My first 3 kits were WineExpert 10L kits; an Australian Shiraz, Sangiovese and a Sauvignon Blanc. I chose them because they could be ready fast. All three kits have been quite the dissapointment. They all taste like grape juice with that ever omnipresent "kit taste" that so many threads are about. 

I tend to believe those who attribute that terrible kit taste to the quality of the kit....which equals the amount of juice, which equals what you pay. Here is why.

My 4th and 5th kits were both Cellar Craft, one a 16L Rosso Fortissimo with grape skins, the other their Pinot Noir 16L kit (no skins). Those went into the bottles a month or so ago. I have to say that even at bottling time, those two kits had more flavour, depth, tannin, lasting aftertaste and richness than the three previous kits. Best of all, neither had that horrible kit taste. There is even a discernable difference between the Rosso with the skins and the Pinot Noir. 

The Pinot is good, but if you've had a little experience tasting wines, you can tell it is not going to have the "quality" of a good commercial Pinot Noir, even though it has the crispness, the peppery clarity (my own meandering descriptions) and a "real" wine taste that the earlier Wine Expert kits cannot even come close to. 

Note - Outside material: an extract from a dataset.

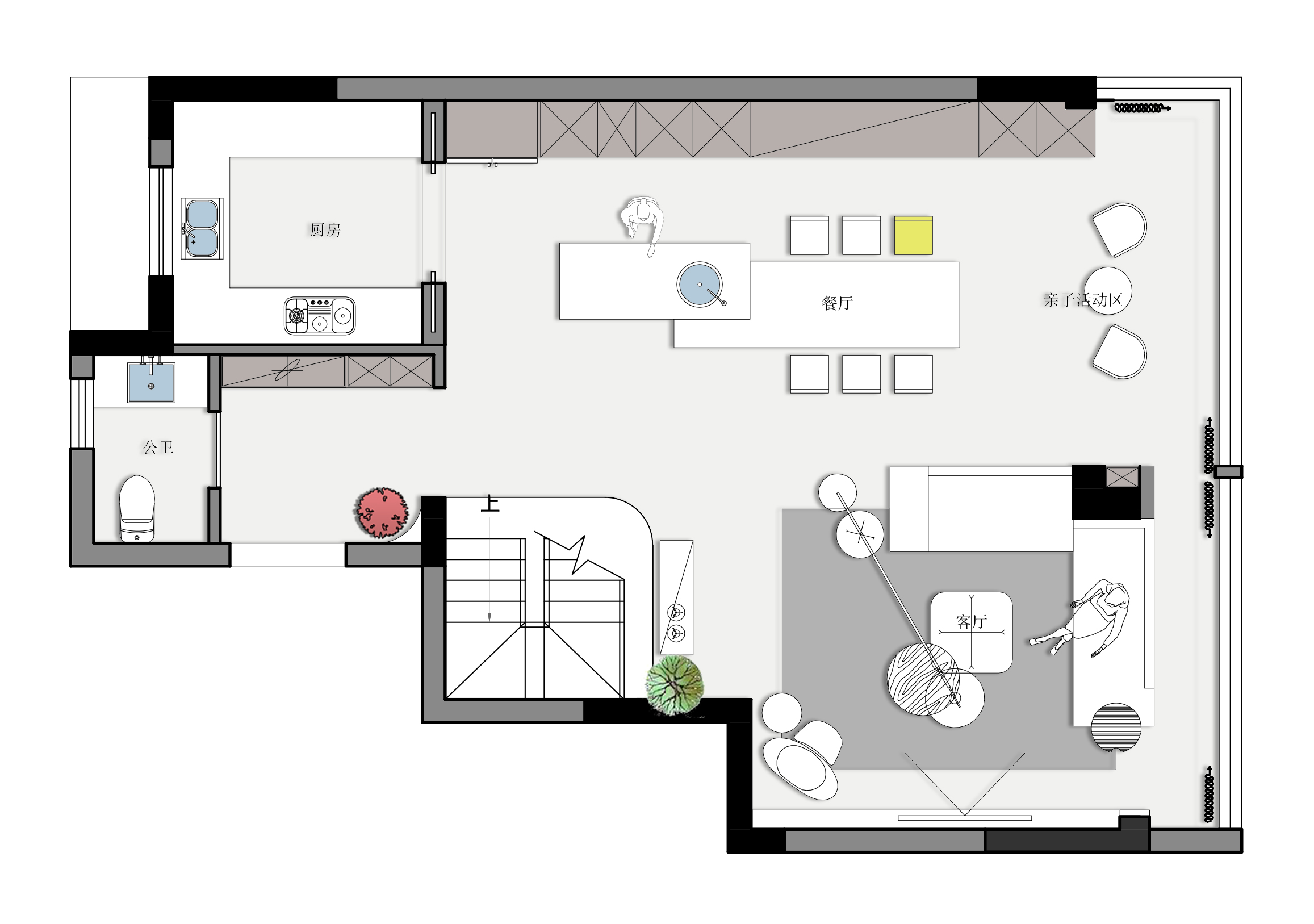 1?一層通過敲砌墻調(diào)整了空間的完整性。入戶做了

On the other hand, the grape skin Rosso Fortissimo has what I can only describe as "power". Even at bottling time and the test bottle that I opened 2 weeks after, it tastes like a commercial wine. There is no "kit taste", it has the qualities of a low cost wine at this point as it hasn't had a proper time to age and develop depth but it is good.

So...me being a complete newbie to this less than a year ago (though experienced with wine and had several kits made at the neighborhood brew on premises), will support wholeheartedly the more experienced members on here who have been helpful and informative. Many of those in many threads have said you get what you pay for. I have had my own experience and my own kits and have come to the conclusion that I will never make another kit that doesn't have skins. It is absolutely true that the more juice the kit has and the more skins it has, the better the quality of the wine that results. 

I don't mind waiting...some unfortunate bottles will be culled early on for "testing"  but the 6 months to a year or more doesn't seem so bad now that I've experienced what the difference actually is. My strategy, keep making wine!!!! In a year or so, my overlap of good, grapeskin kits will provide an ample wine cellar. I currently have a 16L Amarone kit with a 2.6L skin addition in the secondary. At racking time, I was impressed, it already had a better taste than the original 10L low cost, fast kits that I started with do after 6 months...and NO kit taste.

That is my opinion on your original post anyway.


----------



## Chateau Joe (May 14, 2010)

WinExpert Bergamais is a good kit to drink early. Its a nice sitting out on the deck wine.


----------